Many gross emotions are included in the category of 'delusion', such as confusion, fear, jealousy, envy, possessiveness, selfishness, egoism, etc. We can know what these emotions of delusion feel like because they are gross/coarse.

As for the subtle delusion of 'ignorance', where 'becoming' ('bhava') or 'self-existence' is created, we can only 'feel' this when becoming ceases.

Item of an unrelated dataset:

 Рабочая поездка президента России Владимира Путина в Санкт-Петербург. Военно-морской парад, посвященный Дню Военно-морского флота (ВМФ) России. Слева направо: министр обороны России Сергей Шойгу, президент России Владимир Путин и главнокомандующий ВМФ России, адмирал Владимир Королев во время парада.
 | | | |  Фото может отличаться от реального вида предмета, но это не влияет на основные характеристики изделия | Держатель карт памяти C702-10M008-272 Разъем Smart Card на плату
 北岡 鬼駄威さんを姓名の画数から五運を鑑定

In knowing the absolutely clarity of non-becoming, the mind can sense or feel the pollution of becoming. But this is very subtle.

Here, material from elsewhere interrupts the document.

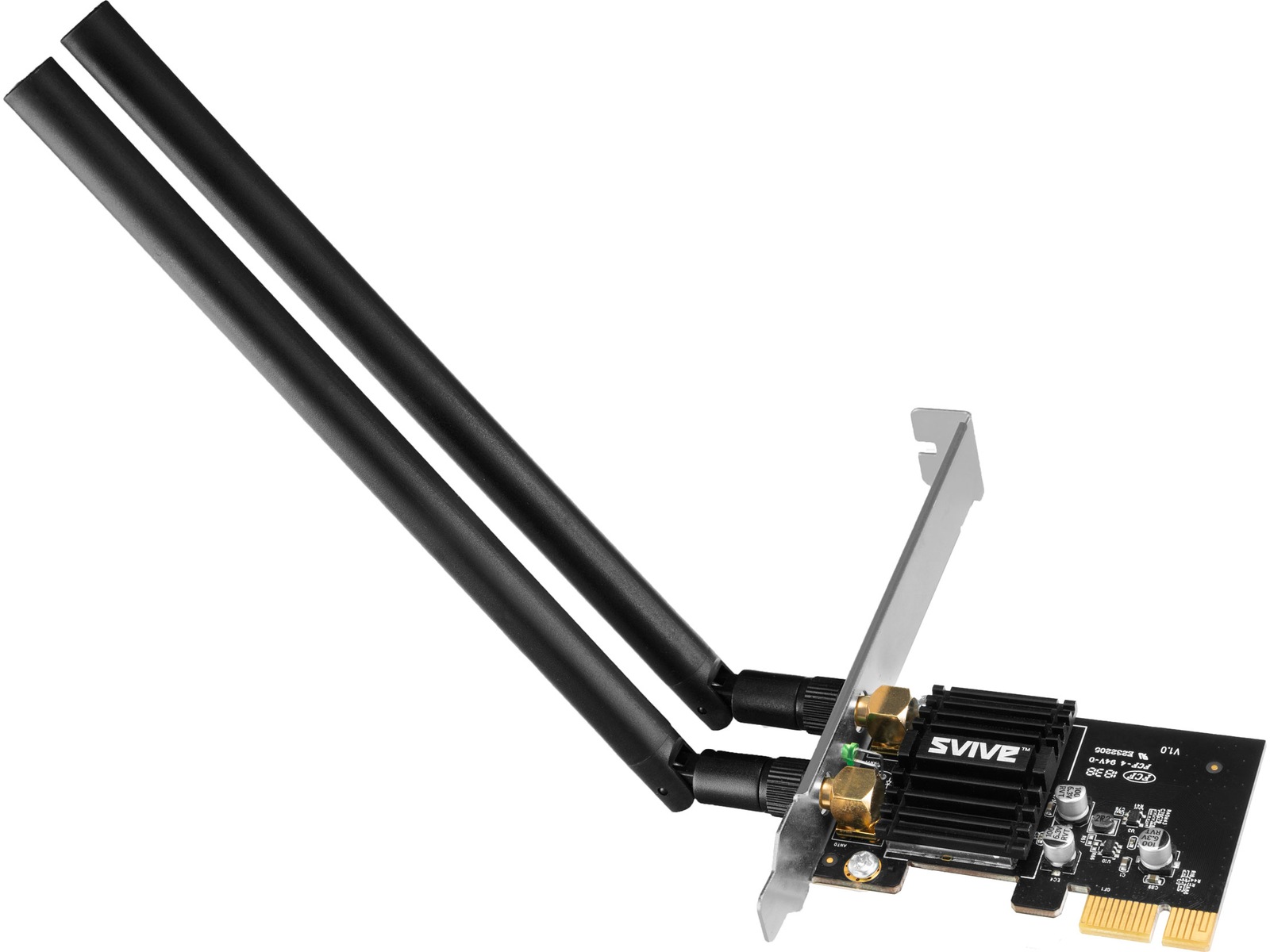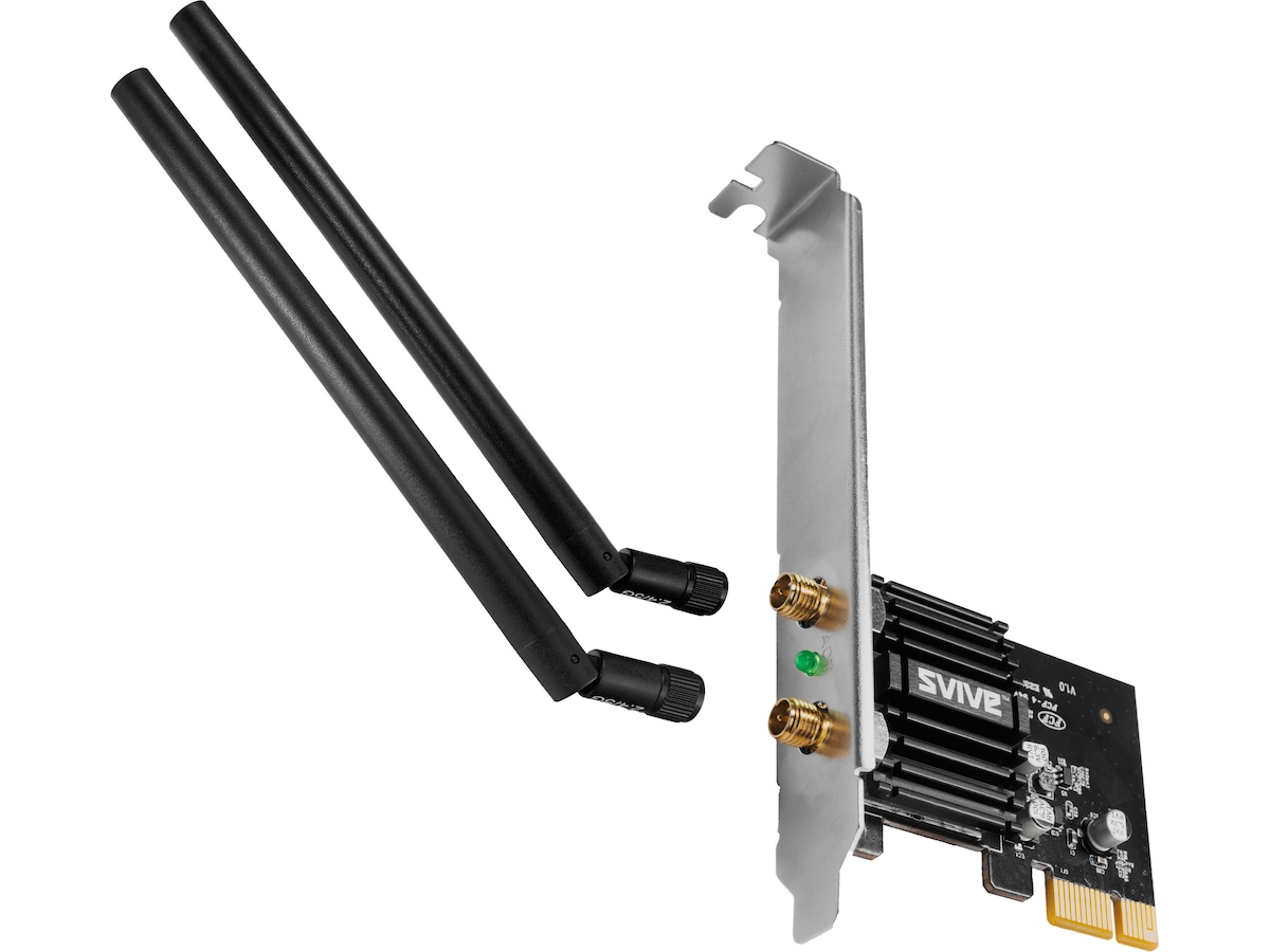 Svive netværkskort er en god mulighed for dig, der ønsker at opgradere dit installerede trådløse netværk på stationær PC. Netværkskort fra Svive har en god pris og er derfor en lav investering i forhold til fordelen med øget hastighed. Netværkskortet er kompatibelt med standarderne IEEE802.11ac og IEEE802.11a/b/g/n, såvel som kortet er kompatibelt med enheder, der har ældre standarder.

Anyone who is not at least a sotapanna experiences delusion. A sotapanna is someone with Right View. They understand the Four Noble Truths, Dependent Origination and more. An unenlightened person has misconceptions about the Dhamma because if they didn't misconceive the Dhamma then by definition they would be enlightened.

Delusion is both cognitive and emotional. Emotional delusion is easier to recognize. It manifests as confusion, or doubt. But any ignorance of the core Dhamma is delusion. One way to remove this is by studying the suttas. By learning, analyzing, testing, and applying the teachings of the Buddha and his enlightened disciples you can clear up deluded thinking, wrong ideas, mistaken assumptions, and in general Wrong View.


Delusion is our normal state so we are all familiar with what it feels like. Delusion is this niave realist, rational, or materialist complacency. The world is absolutely nothing like we think it is.


"What does delusion feel like?": total fine, true, like a refuge and right for common folk, and as the origin of all pain for those with eyes.

How does this answer feel?

What ever feeling, it's to be regarded as a cancer. That hurt's right?